• Problem details:
Please repeat the whole listing exactly, but leave out any picture it holds.

====== Provided material

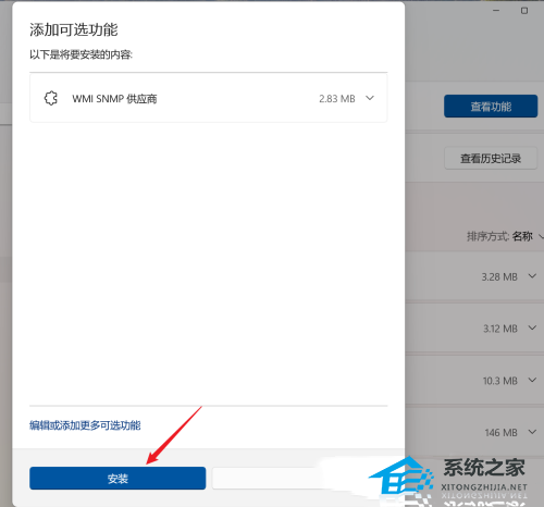 5、确定要安装的内容是【WMI SNMP 供应商】,再点击【安装】,最后等待安装完成即可。
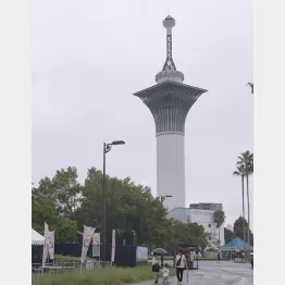 塔事務所の入り口のガラスには割れたような痕跡があり、テープで補修されている。普段は職員も立ち入らないのか、ドアには南京錠がかけられていた。塔の前にいた市内在住の20代男性はこう話す。
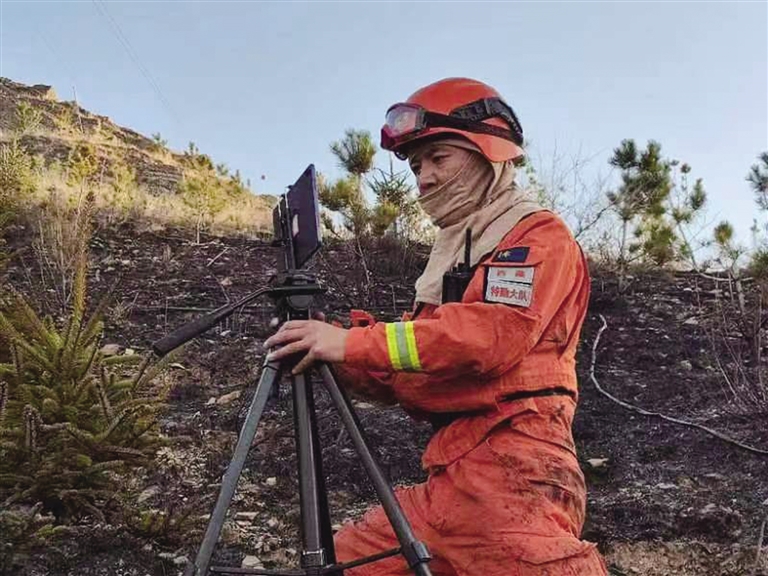 通信員在火場架設(shè)機位。

============

• Task response:
 5、确定要安装的内容是【WMI SNMP 供应商】,再点击【安装】,最后等待安装完成即可。
 塔事務所の入り口のガラスには割れたような痕跡があり、テープで補修されている。普段は職員も立ち入らないのか、ドアには南京錠がかけられていた。塔の前にいた市内在住の20代男性はこう話す。
 通信員在火場架設(shè)機位。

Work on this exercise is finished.